### What is being asked
Go to the line containing "More information about" in the records below and print it and every following line exactly, on through the line containing "シンプルながら一癖あるデザイ", then stop.
####
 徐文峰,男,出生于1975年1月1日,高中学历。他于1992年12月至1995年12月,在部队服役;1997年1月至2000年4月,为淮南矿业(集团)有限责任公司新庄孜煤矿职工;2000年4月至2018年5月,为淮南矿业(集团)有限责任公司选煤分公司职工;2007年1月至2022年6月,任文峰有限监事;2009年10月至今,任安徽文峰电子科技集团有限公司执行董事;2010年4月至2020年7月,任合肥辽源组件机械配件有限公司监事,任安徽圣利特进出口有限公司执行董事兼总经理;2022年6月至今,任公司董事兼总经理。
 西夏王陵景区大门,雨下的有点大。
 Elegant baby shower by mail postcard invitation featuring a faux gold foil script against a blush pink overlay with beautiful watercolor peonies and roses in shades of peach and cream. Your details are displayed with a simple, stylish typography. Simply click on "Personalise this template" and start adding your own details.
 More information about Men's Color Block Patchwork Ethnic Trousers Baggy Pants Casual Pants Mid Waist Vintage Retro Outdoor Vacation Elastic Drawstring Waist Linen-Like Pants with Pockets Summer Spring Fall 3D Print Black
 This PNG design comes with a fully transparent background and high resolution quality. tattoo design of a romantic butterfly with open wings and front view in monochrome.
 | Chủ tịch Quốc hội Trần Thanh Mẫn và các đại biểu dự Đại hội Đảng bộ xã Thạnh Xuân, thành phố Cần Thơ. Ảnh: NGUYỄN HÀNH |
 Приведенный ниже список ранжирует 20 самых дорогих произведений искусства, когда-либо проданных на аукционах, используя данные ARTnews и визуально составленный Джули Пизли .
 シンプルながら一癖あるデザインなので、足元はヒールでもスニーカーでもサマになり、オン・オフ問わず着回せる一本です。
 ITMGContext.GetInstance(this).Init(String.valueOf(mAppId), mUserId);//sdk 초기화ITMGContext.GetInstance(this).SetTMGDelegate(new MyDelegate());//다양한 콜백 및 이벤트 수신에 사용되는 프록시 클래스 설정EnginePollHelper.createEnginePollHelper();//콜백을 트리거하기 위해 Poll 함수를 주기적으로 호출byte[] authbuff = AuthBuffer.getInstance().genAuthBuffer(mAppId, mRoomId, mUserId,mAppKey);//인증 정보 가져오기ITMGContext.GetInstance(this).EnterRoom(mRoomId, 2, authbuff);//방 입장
####
### Written answer
 More information about Men's Color Block Patchwork Ethnic Trousers Baggy Pants Casual Pants Mid Waist Vintage Retro Outdoor Vacation Elastic Drawstring Waist Linen-Like Pants with Pockets Summer Spring Fall 3D Print Black
 This PNG design comes with a fully transparent background and high resolution quality. tattoo design of a romantic butterfly with open wings and front view in monochrome.
 | Chủ tịch Quốc hội Trần Thanh Mẫn và các đại biểu dự Đại hội Đảng bộ xã Thạnh Xuân, thành phố Cần Thơ. Ảnh: NGUYỄN HÀNH |
 Приведенный ниже список ранжирует 20 самых дорогих произведений искусства, когда-либо проданных на аукционах, используя данные ARTnews и визуально составленный Джули Пизли .
 シンプルながら一癖あるデザインなので、足元はヒールでもスニーカーでもサマになり、オン・オフ問わず着回せる一本です。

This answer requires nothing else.